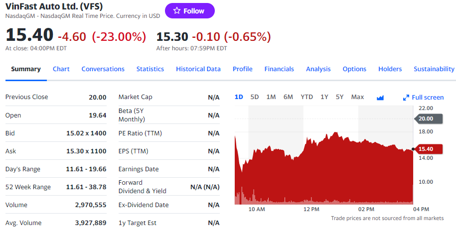 Khép phiên 18/08, cổ phiếu VinFast giảm hơn 23% về 15.40 USD/cp trên sàn Nasdaq, tức lao dốc 58.5% so với mức đóng cửa của phiên đầu giao dịch (37.11 USD/cp). Kéo theo đó, vốn hóa cũng giảm về 35 tỷ USD.
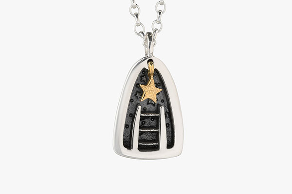 This is a circular kinetic pendant. As the wearer turns their head, the chain activates tiny cogs within the design and the gold wheels begin to spin.
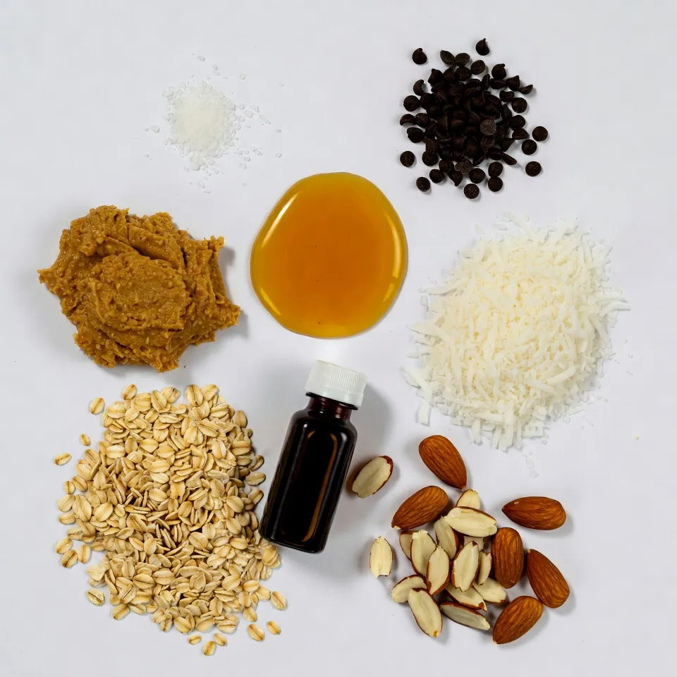These ingredients work together to create a delightful snack. The rolled oats give a nice base. Almond butter adds creaminess and healthy fats. Honey or maple syrup gives sweetness. Shredded coconut brings a tropical twist. Dark chocolate chips add rich flavor. Chopped almonds provide a nice crunch. Vanilla extract gives warmth, and sea salt enhances all the flavors.
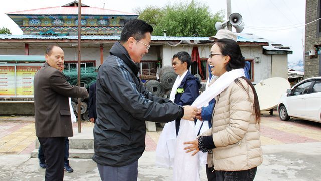 纪建洲非常关心驻村队员的身心健康,向驻村队员敬献了哈达,为驻村队送去猪肉、蔬菜、粮油等生活用品和慰问金,让驻村队员倍感组织的关怀和温暖。纪建洲一行实地查看了村容村貌、农作物生长情况,检查了朗多村温室大棚项目、娘龙村农家乐项目和联合收割机使用情况。
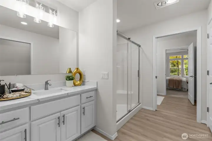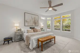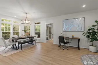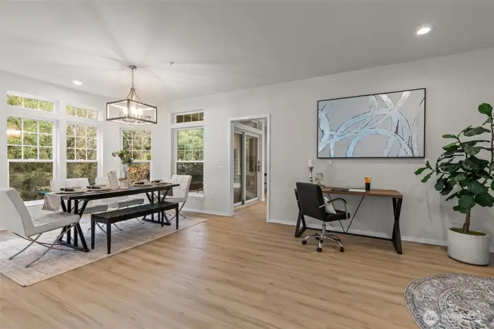 Welcome to this beautifully updated Forest Village home. The spacious floorplan offers a large living and dining room, den just off the dining room, open kitchen with new appliances, quartz counters & subway tile backsplash. Enjoy new LVP flooring, fresh paint, updated baths and new carpet in bedrooms. A primary suite with walk-in closet and a dual-vanity bathroom. A large second bedroom with an ensuite bath. High ceilings and oversized windows fill the home with light and greenery. Cozy gas fireplace for cooler days and a private patio for warm summer nights. View deer passing through the serene greenery. Oversized 2-car garage. This 55+ community offers exceptional amenities with an indoor pool, hot tub, fitness room, clubhouse and more.
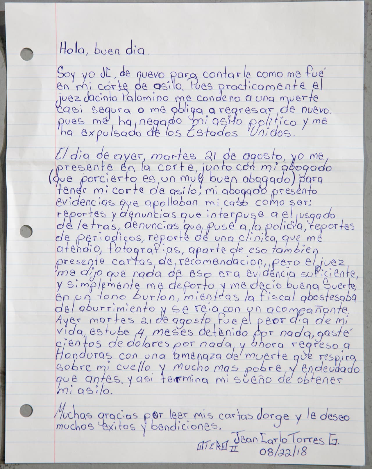 El pasado 19 de julio, el inmigrante Jean Carlo Torres envió a Univision Noticias una carta escrita de su puño y letra desde una cárcel de ICE contando su historia desde que había salido de Honduras hasta que había sido detenido en la frontera. Semanas después ha enviado una nueva carta en la que da cuenta del desenlace de su historia: su solicitud de asilo denegada, su deportación inminente.

* YOUR TASK *
Reproduce the listing above exactly from the line containing "These ingredients work" up to and including the line containing "纪建洲非常关心驻村队员的身心", omitting any images and everything outside those lines.

* TASK ANSWER *
These ingredients work together to create a delightful snack. The rolled oats give a nice base. Almond butter adds creaminess and healthy fats. Honey or maple syrup gives sweetness. Shredded coconut brings a tropical twist. Dark chocolate chips add rich flavor. Chopped almonds provide a nice crunch. Vanilla extract gives warmth, and sea salt enhances all the flavors.
 纪建洲非常关心驻村队员的身心健康,向驻村队员敬献了哈达,为驻村队送去猪肉、蔬菜、粮油等生活用品和慰问金,让驻村队员倍感组织的关怀和温暖。纪建洲一行实地查看了村容村貌、农作物生长情况,检查了朗多村温室大棚项目、娘龙村农家乐项目和联合收割机使用情况。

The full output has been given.